TASK REQUIREMENTS
Type out the complete listing below word for word, without its pictures.

DATA PROVIDED
○ ○ ○ ○ ○
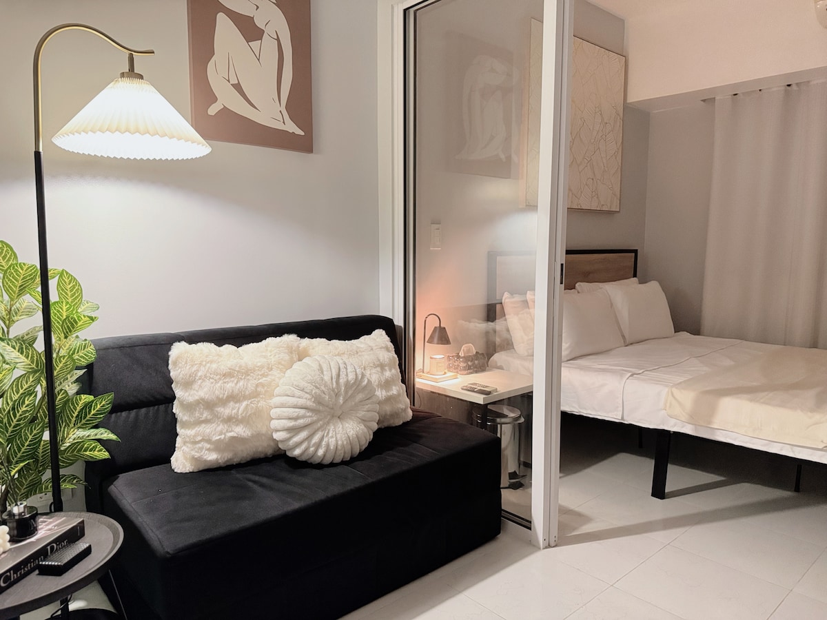 Experimente o máximo em luxo e serenidade em nosso elegante apartamento moderno em Brixton Place, Pasig. Apenas 3-5 minutos de BGC e 10-15 minutos para Makati CBD. Desfrute da varanda privativa ao lado do quarto em nosso espaço aconchegante e sofisticado. Perfeito para solteiros ou casais que procuram uma estadia elegante e tranquila perto de BGC. Comodidades de alta qualidade, cozinha totalmente equipada e ambiente estilo resort farão você se deliciar e relaxar. Com acesso ao terraço, onde você pode desfrutar de vistas deslumbrantes do horizonte. Reserve já!
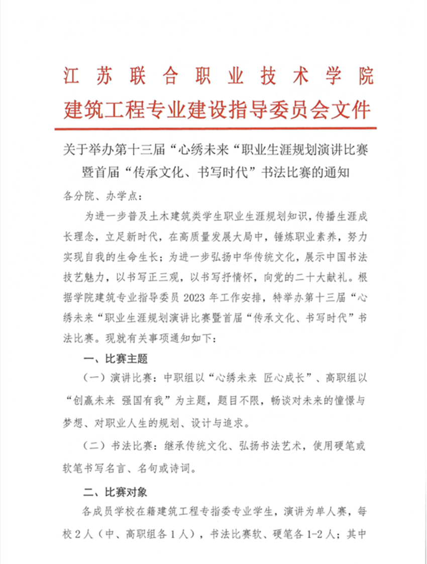 关于举办2023年江苏省泰兴中等专业学校 建筑工程系学生技能运动会的通知
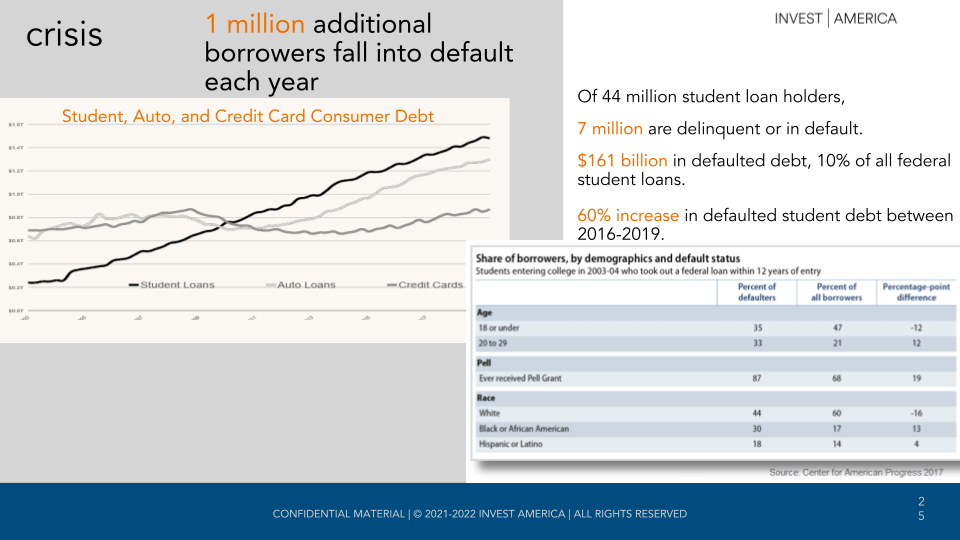 Unfortunately, due to the recent pandemic, many individuals have even more student loan debt than when the pandemic started (shown below). KB noted that Invest America focuses on delinquent and defaulted borrowers. Invest America is using data and research to understand the reality of these individuals. Millions of people fall into delinquency and default every year. Unfortunately, these people are unable to overcome this problem with the systems currently designed to lift them out of delinquency. These systems include the department of treasury, colleges and universities, credit bureaus, banks, and insurance companies.
○ ○ ○ ○ ○
SOLUTION
 Experimente o máximo em luxo e serenidade em nosso elegante apartamento moderno em Brixton Place, Pasig. Apenas 3-5 minutos de BGC e 10-15 minutos para Makati CBD. Desfrute da varanda privativa ao lado do quarto em nosso espaço aconchegante e sofisticado. Perfeito para solteiros ou casais que procuram uma estadia elegante e tranquila perto de BGC. Comodidades de alta qualidade, cozinha totalmente equipada e ambiente estilo resort farão você se deliciar e relaxar. Com acesso ao terraço, onde você pode desfrutar de vistas deslumbrantes do horizonte. Reserve já!
 关于举办2023年江苏省泰兴中等专业学校 建筑工程系学生技能运动会的通知
 Unfortunately, due to the recent pandemic, many individuals have even more student loan debt than when the pandemic started (shown below). KB noted that Invest America focuses on delinquent and defaulted borrowers. Invest America is using data and research to understand the reality of these individuals. Millions of people fall into delinquency and default every year. Unfortunately, these people are unable to overcome this problem with the systems currently designed to lift them out of delinquency. These systems include the department of treasury, colleges and universities, credit bureaus, banks, and insurance companies.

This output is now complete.